I often feel that I don’t get the best out of my (very infrequent) nurse or consultant appointments. I don’t exactly prepare, and sort of expect them to take the lead. When I leave I usually think ‘that went OK’ but then a few hours later I am FURIOUS with myself for not getting the point across about how, despite DMARDS, PsA really affects my life and all is not ‘going OK’. A few days later a letter pops through the door which is from the nurse / consultant to my GP and lists my tender / swollen joint count and I am usually in a state of disbelief. I hurt far more than that…
So, how can I improve this? I was thinking of keeping a diary, or at least writing down all the things I am unable to do or have difficulty doing, but it’s more than that. If I feel that they are not really prodding and poking enough to find those tender joints, should I say so next time?
My next visit will be after trying Leflunomide as my 2nd DMARD for 6 months. If it’s not ‘working’, the theory says I should be at least having a discussion about biologics. I can’t say I am over confident about that outcome as the rheumy is already lining up Sulfasalazine. I need a battle plan…
What do you all do to ensure a good constructive consultation? I know there are good and less good rheumys out there but do feel it takes two and I am letting myself down.
Helen, you are absolutely right: it pays to go in, prepared, and with a battle plan. Here’s an article which has some ideas which you may find useful: http://discussion.livingwithpsoriaticarthritis.org/forum/topics/getting-the-t-shirt
Preparing an agenda, and having two copies of it, is a very powerful tool for taking control of the consult. “I hope you don’t mind, but I don’t want to forget anything, so I have a list to work from. I have a second copy, would you like to have it?” Not every clinician appreciates it, but you can play that by ear.

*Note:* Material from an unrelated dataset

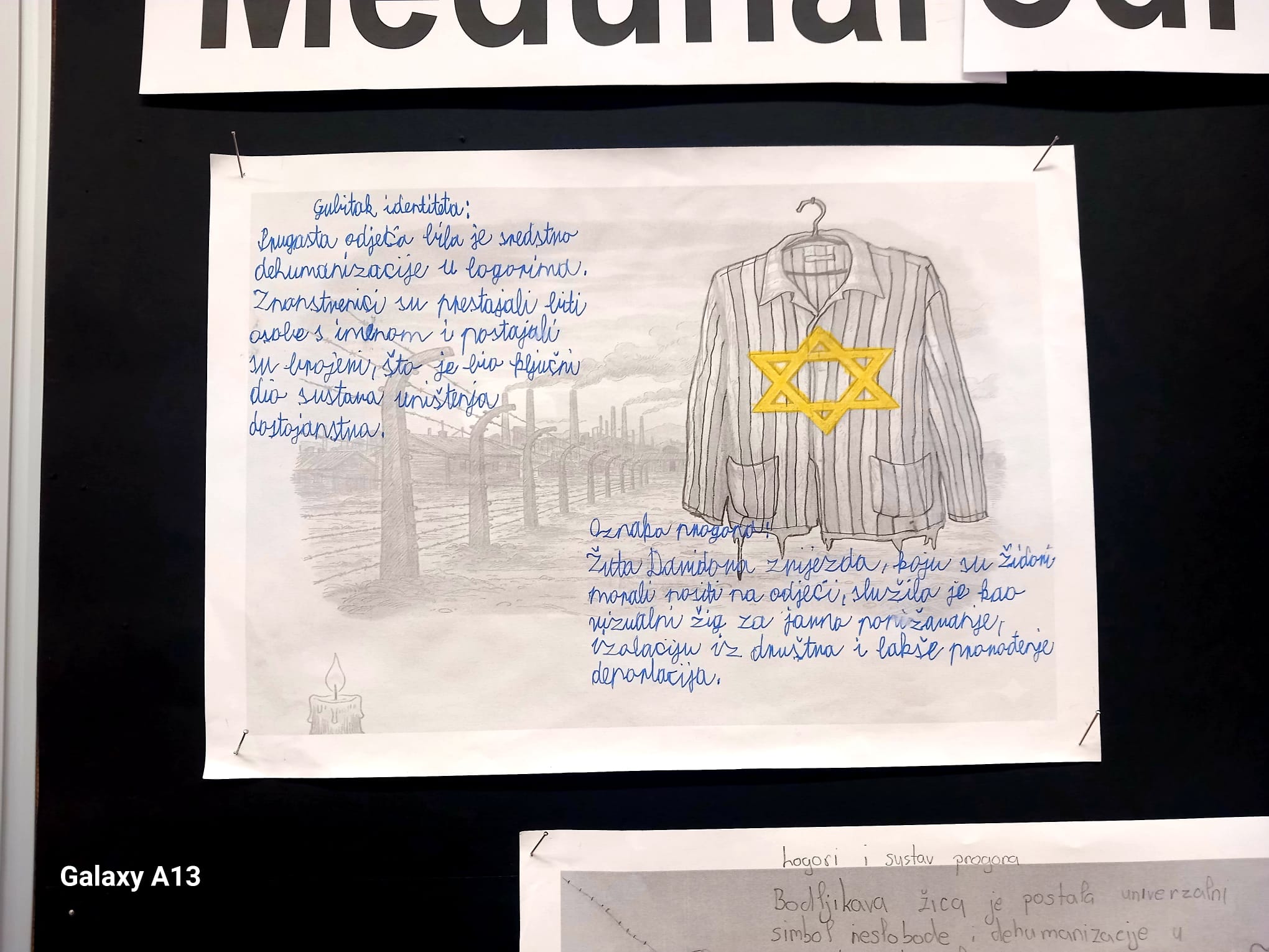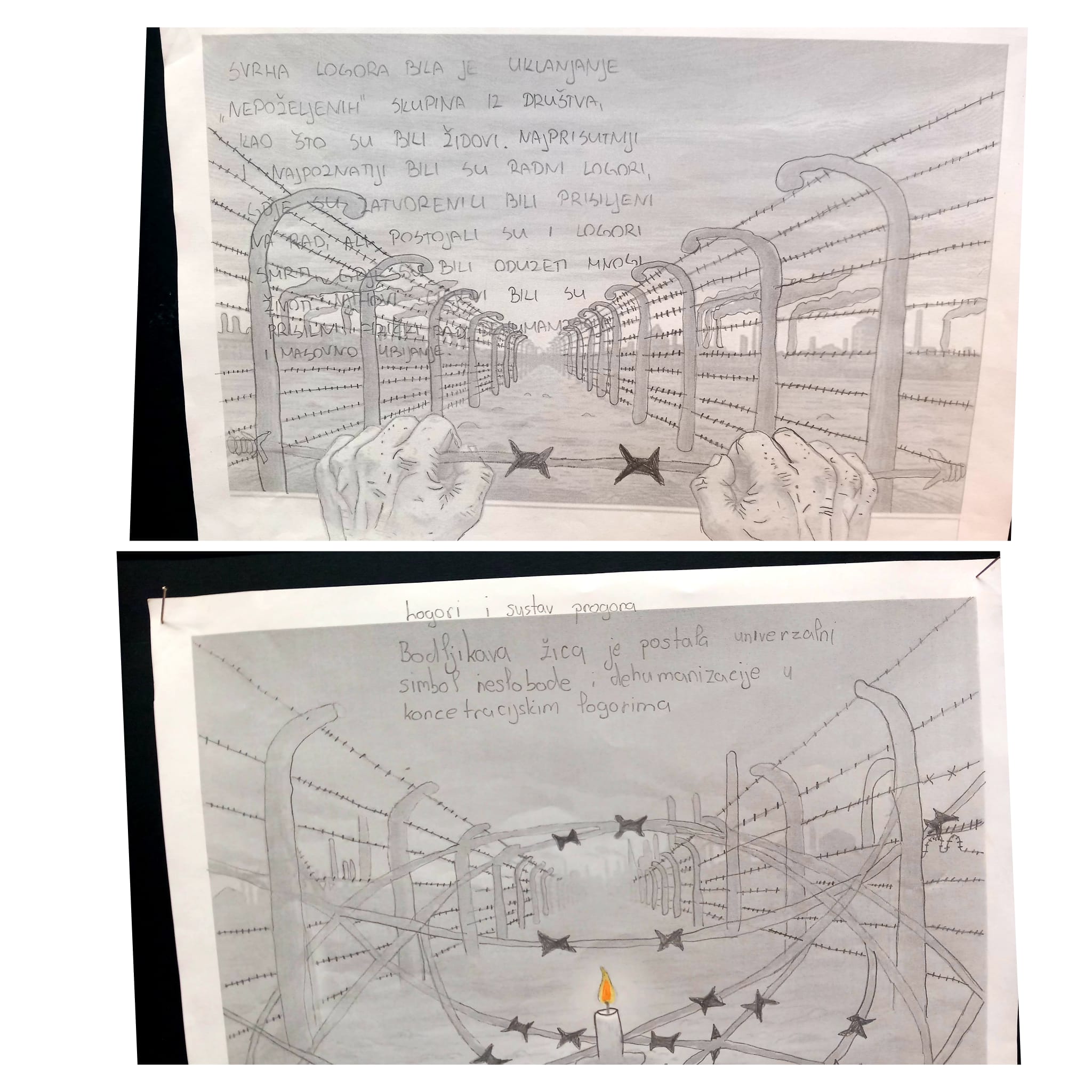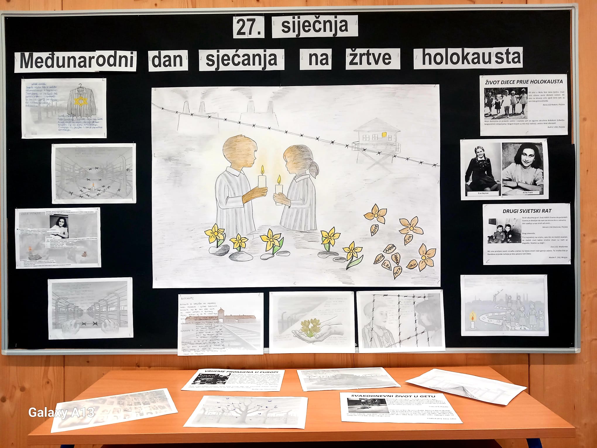 Učenici osmog razreda obilježili su ovaj dan kroz istraživački rad i razgovor. Čitajući zapise iz dnevnika, ali i istražujući život u koncentracijskim logorima, upoznali su se s teškim uvjetima zatočeništva te simbolima holokausta, poput logoraške prugaste pidžame i žute Davidove zvijezde, koji su postali trajni podsjetnici na patnju i oduzimanje ljudskog dostojanstva. Posebna se pozornost posvetila razumijevanju značenja tih simbola i poruka koje oni nose i danas.

And at the end, you can ask that it be included in your chart.
Of course you “hurt far more than that”! You’ve got ligaments and tendons that are aching as well as joints that are “counted”. And then there are the joints that are too deep in the body to be assessed by touch.
How is your fatigue? Do you bring that up, or do they ask? Do you keep a log of fatigue and pain that you can present or report at your consultation?
There is nothing worse than walking out of a consult and having a forehead-slapping moment about the crucial thing that you forgot to say. And then having to wait six months for your next chance!
In addition to the great advice above, I take pictures of aggressively swollen joints that happen in between appointments. I print them out for my rheumy and take them in when I see him. This helps him to know how things go for me between appointments and I can also keep track of what I was doing/not doing when the swellings happened. It's like when your car makes that weird rattling noise but when you take it to the mechanic it runs like a charm. Your doctor must see what life is like for your on the bad days, as well as the OK ones.
Good luck getting your friends in the NHS to see you more than once every Preston Guild (as my Grandmother used to say).